Sunday, February 16, 2014

Streaming revelation: Toa Fraser & Alan Sharp's adaptation of Lord Dunsany's DEAN SPANLEY


One of those rare delights that you suddenly find dumped into your surprised lap via Netflix streaming, DEAN SPANLEY (or My Talks With Dean Spanley, as it is also called) is a splendid example of quiet British/New Zealand humor and character that slowly, delectably expands into one of the richest and most moving of movies. It is also, by the by, one of cinema's great dog stories -- not to mention perhaps the best piece of reincarnation folderol we've yet seen.

While it won't make a believer out of you, transmigration of souls-wise, it just might make you wish that you could believe -- so enchanting is its premise and so thoroughly brought to bursting life is the execution of that premise. This unusual film, directed by New Zealander Toa Fraser (shown at left) and adapted from one of the works of Ireland's Lord Dunsany by that very good late Scot screenwriter Alan Sharp (Ulzana's RaidNight Moves), sneaks up on you, promising to be one thing (on which it actually delivers) but then morphing into something quite else. I'd call it a genre-jumper, except that jumping is an activity far too energized for this quiet little charmer. Let's call it a genre-glider. In any case, it is very nearly sui generis.

Here we are in Edwardian England sometime after the second Boer War, as a "good son" (Jeremy Northam, above, left) pays his weekly visit to his seemingly semi-doddering dad (Peter O'Toole, above, right, in perhaps his best final-decade performance). Ah, we think: one of those little British gems of understatement, family and buried wit.
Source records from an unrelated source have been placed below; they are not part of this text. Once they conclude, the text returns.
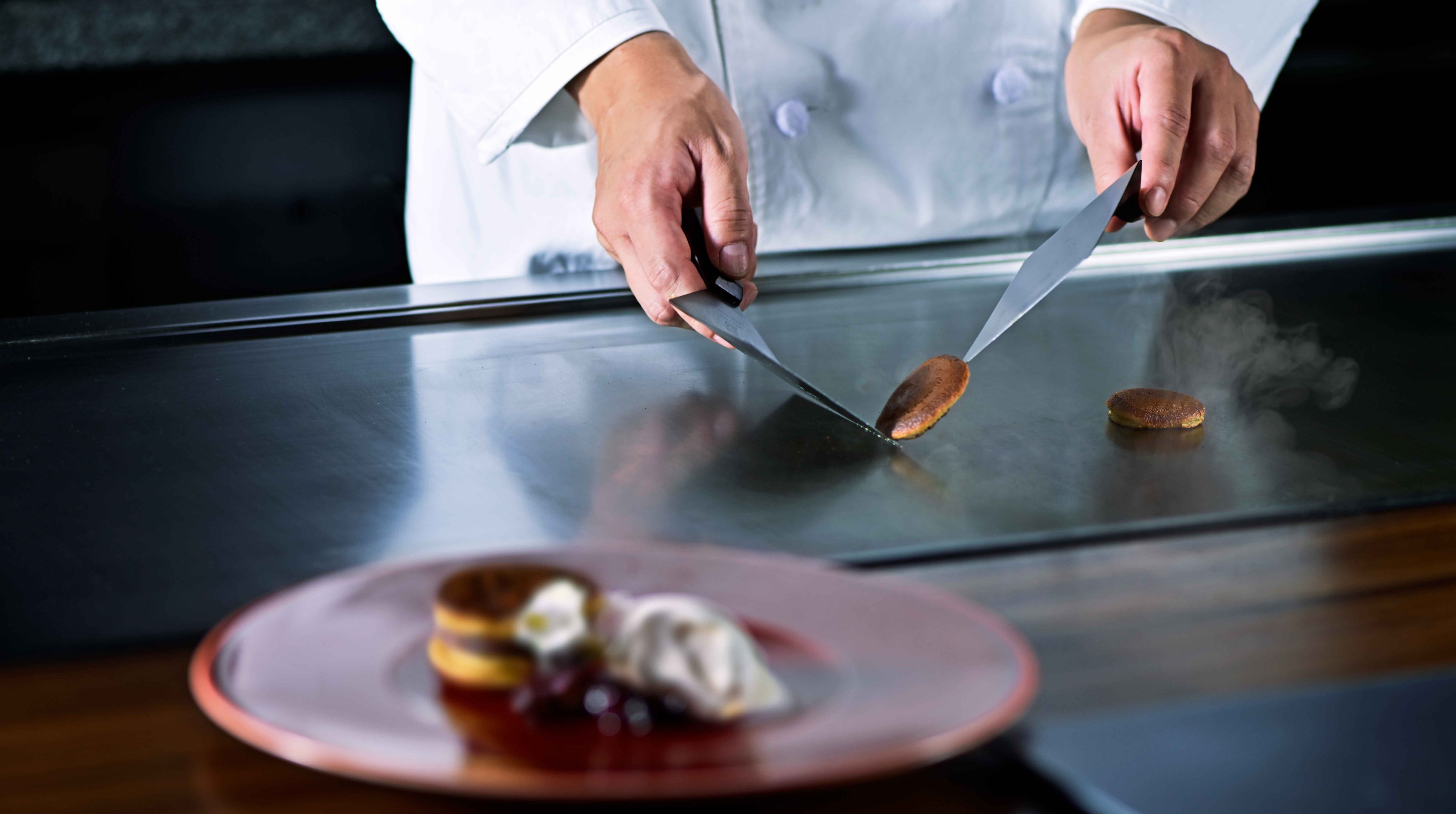 ■デザートにもライブ感を楽しんでいただける演出を コースの締めくくりにも、鉄板焼きならではの演出を。ほっこりした味わいが恋しい秋から冬の時期には、目の前で仕上げる焼きたてのどら焼きをお楽しみください。季節ごとの素材とシェフのアイデアから生まれる、ライブ感いっぱいのデザートもまた、瓊鶴海鉄板焼きのエンターテイメントです。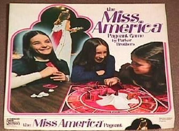 This game recreates The Miss America Pageant with players competing in the Swimsuit, Talent, Personality and Evening Gown competitions. The game uses a spinner shaped to look like a television camera. On your turn, you spin the spinner and advance the number of spaces indicated. If you land on a competition space, you draw a card that tells you what score...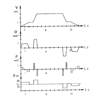 На рис. 1.2 представлены диаграммы скорости (семипериодная диаграмма), ускорения, рывка и тяговых усилий уравновешенной подъемной установки, которые достаточно полно характеризуют режим работы подъемного механизма и являются исходными данными для последующих расчетов (расчет мощности привода и др.).

It is all of those. But wait: Then we head for a speaking engagement by a Swami (Art Malik), where father and son meet the oddly reclusive "Dean" of the title (a role the likes of which that talented actor Sam Neill, above, will surely never see again) and a very working-class chap (Bryan Brown, below, left) who says he is in the "conveyance business."
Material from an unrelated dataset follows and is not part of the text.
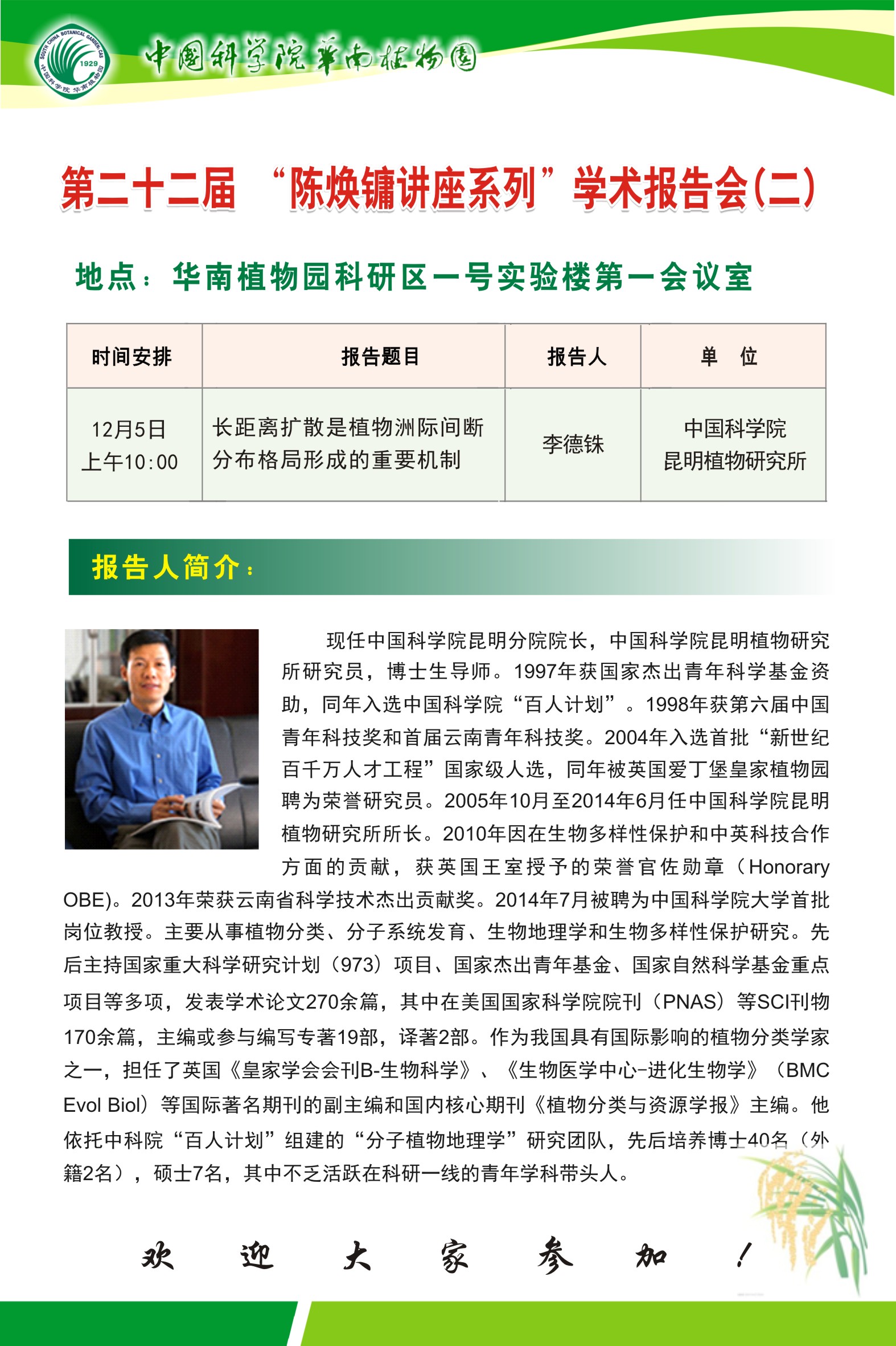 第二十二届 “陈焕镛讲座系列”学术报告会(二)

Slowly, with the help of some hard-to-come-by Hungarian Imperial Tokay wine, the plot thickens very slowly until we're neck deep in one of movieland's more fabulous dog stories. In its odd way, this one rivals Lassie on the one hand and My Dog Tulip on the other. I am not sure I have ever seen a film which captured as well as this one the dog's life from the POV of the dog itself.

We also learn, slowly and sweetly, just what the connection between these four men actually is, even as the movie tackles the relationship between fathers and sons, masters and, well, servants.... One of the servants here is played by the swell Judy Parfitt, whose final scene will bring a tear to your eye without even the tiniest bit of arm-twisting.
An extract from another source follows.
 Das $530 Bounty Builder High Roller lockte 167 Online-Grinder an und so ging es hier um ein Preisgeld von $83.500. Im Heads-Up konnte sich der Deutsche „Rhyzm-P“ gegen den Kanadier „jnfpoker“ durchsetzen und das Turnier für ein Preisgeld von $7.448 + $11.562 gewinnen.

In fact, this forswearing of the over-bearing is the key to the movie's great success. Mr. Sharp, when given the opportunity, was one sharp, uncluttered writer, and Mr. Fraser has achieved exactly the right pace and tone so that the film unfurls as a kind of perfect blend of location, presentation and performance.

Where the hell did this wonderful movie come from? I'd never heard of it until I noticed it one recent day on Netflix streaming. The "distributor" (and I use the word loosely) may provide a clue. That would be Miramax, which, when Dean Spanley first appeared (end of 2008 into 2009), was undergoing a separation from Disney (a company it never should have "married" to begin with), and so the film -- much better and subtler than so much of the Disney stuff -- seems to have been buried in the shuffle that occurs when a distribution company moves from one owner to another, receiving neither a theatrical nor a timely DVD release here.

Well, it's got that "release" now via Netflix streaming, where it will no doubt pull in the huge cult following it so surely deserves. You can also find it on DVD and Amazon Instant Video. (I understand, from Wikipedia, that it has also been shown on cable TV at some point, so perhaps you were lucky enough to catch it there.)